Near-real-time databases (high-frequency COVID-19 household phone
survey data, standard gravity model variables, quarterly reports of national accounts,
COVID-19 pandemic daily data, Google trends) and state-of-the-art models (e.g. semiparametric
panel data models, Bayesian econometrics, Rasch model, and other machine
learning models) are used to satisfy pandemic mitigation's quick and reliable information
demand. The pandemic has Micro-level and short-run impacts. Short-run and long-run
evidence are inconsistent. Micro- and macro and other dimensions of impact results are
mixed. One-dimensional impact measurements obscure important information. Pandemic
uncertainty in national account system or a multiplier effect analysis only explains exports
(SDG 17) (10.45%), state fragility (SDG 16) (6.08%) (correlation, not causation based on
economic theory and context) and catastrophe uncertainty (SDG 13) (by 15.31 percent).

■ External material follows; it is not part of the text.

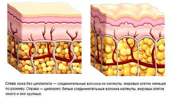 В зависимости от структуры жировой ткани и степени лишнего веса диаметр адипоцитов иногда возрастает почти в 40 раз, что и приводит к образованию бугорков и впадинок между ними.

Pandemic factors only explain total exports. Other national account system variables
explained each other better than the pandemic (transport CPI (SDG 7) explains 18.38% of
food CPI (SDG 2) variance, while food CPI explains 26.98% of general CPI variation
(SDG 1)). Non-pharmaceutical and pharmaceutical COVID-19 responses have different
effects. The former declines demand for services(SDG 9) and bilateral exports (e.g., the
non-pharmaceutical policy elasticity of demand for tourism is -0.49 and the COVID-19
interaction term elasticity of bilateral exports is -0.10 in the non-pharmaceutical
regression). The latter enhances service demand and bilateral exports (the pharmaceutical
(vaccination) policy elasticity of retail trade (SDG 17) is 0.04 and the COVID-19 elasticity
of bilateral exports is 0.05). Variable ICT demand (SDG 9) is co-integrated with
both non-pharmaceutical and pharmaceutical COVID-19 response policies. This is due to
COVID-19 and zoom software-a proxy for ICT demand long absence and exponential cooccurrence.
ICT demand is the variable highly influenced by non-pharmaceutical (Nonpharmaceutical
policy elasticity of ICT demand is 0.33) and slightly influenced by
pharmaceutical (vaccine) policies (pharmaceutical policy elasticity of ICT demand is -
0.11). ICT demand adjust speedily to its long-run equilibrium (-0.90 for nonpharmaceutical
policy shocks and -0.80 for pharmaceutical (vaccine) policy shocks).
Bilateral import in Ethiopia are a variable to observe since it is unaffected by the
pandemic burden (cases and deaths) or response policies. Ethiopia's permissive nonpharmaceutical
policies, low vaccine coverage, and the weak pandemic may be to blame.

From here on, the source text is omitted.